Machine learning and fractal theory models for landslide susceptibility mapping: Case study from the Jinsha River Basin

Abstract

The quality of “non-landslide” negative samples may result in unreasonable prediction results for machine learning (ML) models. The aim of this study is to improve the performance of ML models by perfecting the quality of “non-landslide” samples in landslide susceptibility modelling so as to produce more reliable susceptibility maps. The middle and lower reaches of Jinsha River basin (MLRJB) were chosen as the study area, and the elevation, slope aspect, curvature, lithology, distance to faults, slope of slope, slope of aspect, precipitation, land use, and NDVI were considered as predisposing factors for landslide susceptibility mapping. Firstly, three “non-landslide” samples are randomly selected from the low-slope area, landslide-free area and very low susceptibility area based on fractal theory (FT) model generation, and then three sample scenarios are constructed with 4445 landslide positive samples.
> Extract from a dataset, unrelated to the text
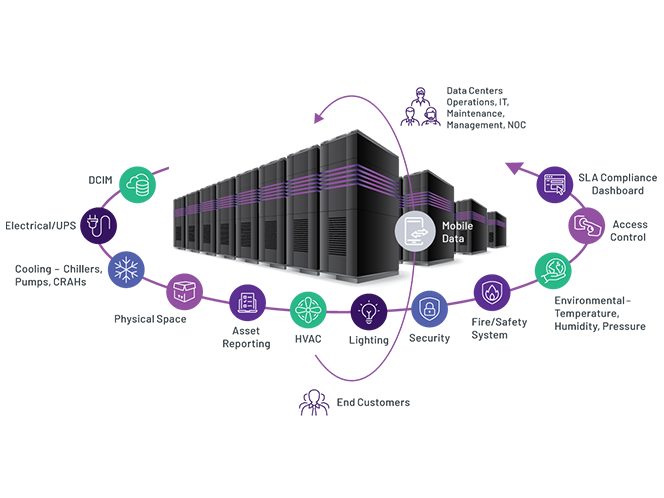 이는 실행 가능한 정보를 맥락화하여 데이터 센터 상태에 대한 전반적인 관점과 DCIM, 건물 관리, 기계, 전기 및 인력과 같은 데이터 센터 기능의 특정 영역을 관리하는 하위 시스템을 제공합니다.

Next, the performance of cross-application of three sample scenarios in the support vector machines (SVM) and naïve Bayes (NB) models are compared and evaluated based on the statistical indicators such as accuracy, recall, precision, receiver operating characteristic (ROC) curve, and area under the ROC curve (AUC). The evaluation results show that the “non-landslide” negative samples generated on the basis of FT model are more reasonable and that the hybrid method supported by FT and ML models exhibits the highest prediction efficiency, around 94% overall accuracy produced by scenario-FT, followed by scenario-SS (87%) and scenario-RS (65%). Finally, with the validation of landslide and unstable slopes data, the landslide susceptibility map produced by the hybrid method composed of FT model and the SVM model is the ultimate output product for landslide prevention.